Benign tumors of the anterior cranial base can arise from different locations. Intracranial tumors, such as meningiomas, can secondarily involve the cranial base and extend into the paranasal sinuses or nasal cavity. Bone tumors originating from the cranial bone include benign fibro-osseous lesions such as osteomas and ossifying fibromas. The most common extracranial tumors that can extend to the cranial base include hemangiomas and inverted papillomas. Detailed discussions on meningiomas, osteomas, hemangiomas, and inverted papillomas can be found in the relevant sections. This section focuses on ossifying fibroma.
Ossifying fibroma is a benign bone tumor that predominantly affects adolescents. The condition frequently involves craniofacial bones, with the frontal, ethmoid, and sphenoid bones being commonly affected.
Etiology
The specific cause remains unknown, and the following hypotheses have been proposed:
- Trauma may facilitate the occurrence of the lesion.
- Fibroconnective tissue undergoes neoplastic-like proliferation, leading to the formation of structures resembling bone tissue.
Pathology
Macroscopically, ossifying fibromas typically have a broad base, are hard in texture, and are encased by a thin layer of cortical bone.
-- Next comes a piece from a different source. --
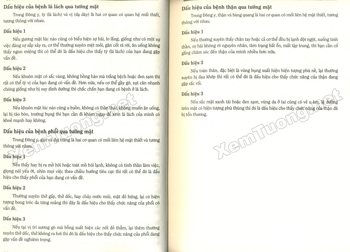 Xem Tướng Biết Người Lời nói dầu Ứng dụng kỳ diệu của nhân tướng học Nhân tướng học trong tư liệu lịch sử Cách tuyển chọn và đánh giá nhân tài trong thời hiện tại Các danh nhân nổi tiếng trong lịch sử Lợi ích của nhân tướng học đối với nguồn quản lý nhân lực + Bài học đầu tiên khi xem tướng Tướng do tâm sinh - bạn không thể không tin Hãy xem ngũ quan bộc lộ nội tâm của bạn như thế nào Tinh - khí - thần - những yếu tố không thể bỏ qua trong nhân tướng học Thế nào là tướng tốt Các khái niệm cơ bản trong xem tướng mặt + Khuôn mặt chính là 1 vũ trụ thu nhỏ Trên mặt có càn khôn Trên khuôn mặt có sông có núi Cuộc đời qua nét mặt Xem mặt đoán lưu niên cát hung Dấu hiệu bệnh tật biểu hiện qua tướng mặt + Mỗi bộ phận trên khuôn mặt điều ẩn chứa nhiều bí mật Mắt - bộ phận quan trong nhất trong ngũ quan Lông mày - bộ phận không thể bỏ qua Mũi - Không kẻ ăn mày nào có mũi đẹp Miệng không chỉ để ăn mà còn để nói Xem tai phán đoán về phúc khí Người có xương ngò má nhô ra thường có tính tranh đấu cao Ấn đường là vận mệnh cả dời Trán - Không chỉ tượng trương cho tuổi thọ Răng, lưỡi chứa đựng huyền cơ Nhân trung đóng vai trò rất quan trọng Nếp nhăn pháp lệnh không chỉ tượng trưng cho tuổi già Tìm hiểu về chiếc cằm Làm thế nào để quan sát khí sắc + Một phút nhìn thấu tâm can 1 Những cô gái sùng thượng vật chất Lấy được chồng giàu chưa hẳn phải là người xinh đẹp Cô gái tự luyến chỉ biết đến mình Cô ấy là ngọn lửa giữa đêm đông Phát hiện mẫu hình phụ nữ tai quái Nhận biết những cô gái thích đóng kịch Thế nào là cô gái gặp ai cũng yêu Tính cách ương bướng sẽ thể hiện trên nét mặt Bộ dạng của kẻ lật lọng Mẫu hình phụ nữ tài cán xốc vác Sự tài hoa, sắc sảo thể hiện qua nét mặt Khuôn mặt của người quen phục tùng nhẫn nhịn Những cô gái luôn cho mình là nhất Mẫu phụ nữ xấu xa từ trong trứng Mẫu hình phụ nữ dễ kích động + Một phút nhìn thấu tâm can 2 Vận mệnh đánh dấu trên khuôn mặt của những đứa con cưng Có những người làm việc gì cũng xui xẻo Tướng mặt của những nhân vật lãnh đạo Tướng mặt của người phụ nữ mạnh mẽ Tướng mạo của người cao ngạo Đừng bao giờ động chạm đến những người như thế này Nhận diện kẻ qua cầu rút ván Ai là người chú trọng đến chất lượng cuộc sống Nhút nhát không phải là lỗi của tôi Nhận mặt kẻ đào hoa Tướng mặt của người hào phóng hiếu khách + Một phút nhìn thấu tâm can 3 Tướng mặt của người càng thất bại càng kiên cường Nhận biết người hiền hòa thân thiện Người hiền lành đến mức bị người khác bắt nạt Những người không biết giữ bí mật Những người khéo xoay sở Nhận diện những người luôn sống cô độc Tướng mạo của những người sống cô độc Những người phụ nữ bất mãn với chồng Những người thích thể hiện mình Tướng mạo của những người vui giận bất thường, hay gặp vạ miệng Khuôn mặt của những người cứng rắn Mẫu người luôn trói mình trong trầm cảm Đi tìm một tình yêu cho riêng mình Tướng mặt của người lụy tình Tướng mặt của người kiêm tốn, hiền hòa Tướng mặt của người tự tin, lịch thiệp Tướng mặt của những người thực tế Tướng mạo của người giàu lòng tự trọng Tướng mặt của người rộng lượng, khéo léo Tướng mặt của người có chính kiến Tướng mặt của người cầu tiến Tướng mặt của người có xuất thân tốt Tướng mặt của người có quan hệ rộng Tướng mặt của người có thần kinh vững vàng Tướng mặt của người không tham danh vọng Tướng mặt của người thuở nhỏ có vận tốt Tướng mặt của người thành công trên cả sự nghiệp và tình cảm Tướng mặt của người giữ chữ tín Tướng mặt của người cần cù, chắc chắn Tướng mặt của người `tri túc thường lạc` Tướng mặt biết quản lý tiền bạc hợp lý Tướng mặt của người dịu dàng, khéo léo Tướng mặt của người biết tôn trọng người khác + Những kiểu tướng dự báo tai họa Tướng mặt của người kém duyên với con cái Tướng mặt của người thất bại trong sự nghiệp Tướng mặt của người ngạo mạn, kinh đời Tướng mặt của người vất vả, vô phúc Tướng mặt gây tai họa bất ngờ Tướng mặt thể hiện vợ chồng bất hòa Tướng mặt của người trăng hoa Tướng mặt của người tâm thuật bất chính Tướng mặt của người đanh đá chanh chua Tướng mặt của người yếu đuối, đoản mệnh Tướng mặt của người khẩu phật tâm xà Tướng mặt của người nhà nghèo, lao động vất vả Tướng mặt của người tàn bạo độc ác Tướng mặt của người gặp nhiều tai họa Tướng mặt của người phá sản, túng quẫn Tướng mặt của người bất hạnh trong hôn nhân Tướng mặt của người có gia đạo sa sút Tướng mặt của người cô độc Tướng mặt của người xốc nỗi, hiếu chiến Tướng mặt của ngườ

Their internal structure consists of dense, uniform, sand-like material.
Under the microscope, the tumor exhibits a sparse arrangement of elongated and spindle-shaped fibroblastic stroma interspersed with scattered bone islands, trabeculae, and osteoid tissue. The edges of the bone trabeculae are surrounded by osteoblasts.
The classification of ossifying fibroma is based on the proportion of fibrous and bony components within the tumor:
- Ossifying Fibroma: Primarily composed of fibroblasts, with bone-like structures and trabeculae occupying only a small portion of the tumor.
- Fibro-Osseous Tumor: Predominantly consists of bone, with varying forms of bone trabeculae that gradually undergo calcification.
Clinical Manifestations
Ossifying fibroma is often solitary, with a higher incidence in females than in males. Due to its slow growth, it is initially asymptomatic and thus difficult to detect. As the tumor enlarges, it may compress or invade adjacent structures, resulting in symptoms. Examples include cranial base destruction, exophthalmos, and displacement of the eyeball when the orbit is affected. Nasal bridge widening and facial deformities may occur if the tumor invades the nasal bones. Nasal symptoms, such as varying degrees of nasal obstruction, are common, while epistaxis is relatively rare.
Imaging Examinations
CT scans are valuable for diagnosing and assessing the extent of the lesion. Ossifying fibroma typically appears as a single round lytic lesion with well-defined margins. It displays high density, causes expansive growth into surrounding areas, and induces atrophy of adjacent bone structures. A thin hyperdense rim is often visible at the tumor's edge, and internal mineralization within the tumor varies, resulting in inhomogeneous density patterns.
Diagnosis
The clinical manifestations of ossifying fibroma lack specificity. Diagnosis primarily relies on imaging techniques such as X-ray and CT, as well as pathological biopsy. In cases where extensive bone destruction is observed and distinguishing the lesion from a malignant tumor is difficult, biopsy becomes essential.
Treatment
The only effective treatment for ossifying fibroma is radical surgical excision. The main goals of surgery are to restore organ function and improve cosmetic deformities. The surgical approach should be determined based on the location of the tumor. Complete removal of the lesion's bony shell is critical for preventing recurrence. For tumors with extensive size, excision in stages or sections can be performed.
Ossifying fibroma has a low risk of malignant transformation, estimated at around 0.4%–0.5%, most commonly observed in patients with repeated surgeries or those exposed to radiation therapy. If malignancy occurs, treatment should follow the protocols for fibrosarcoma or osteosarcoma management.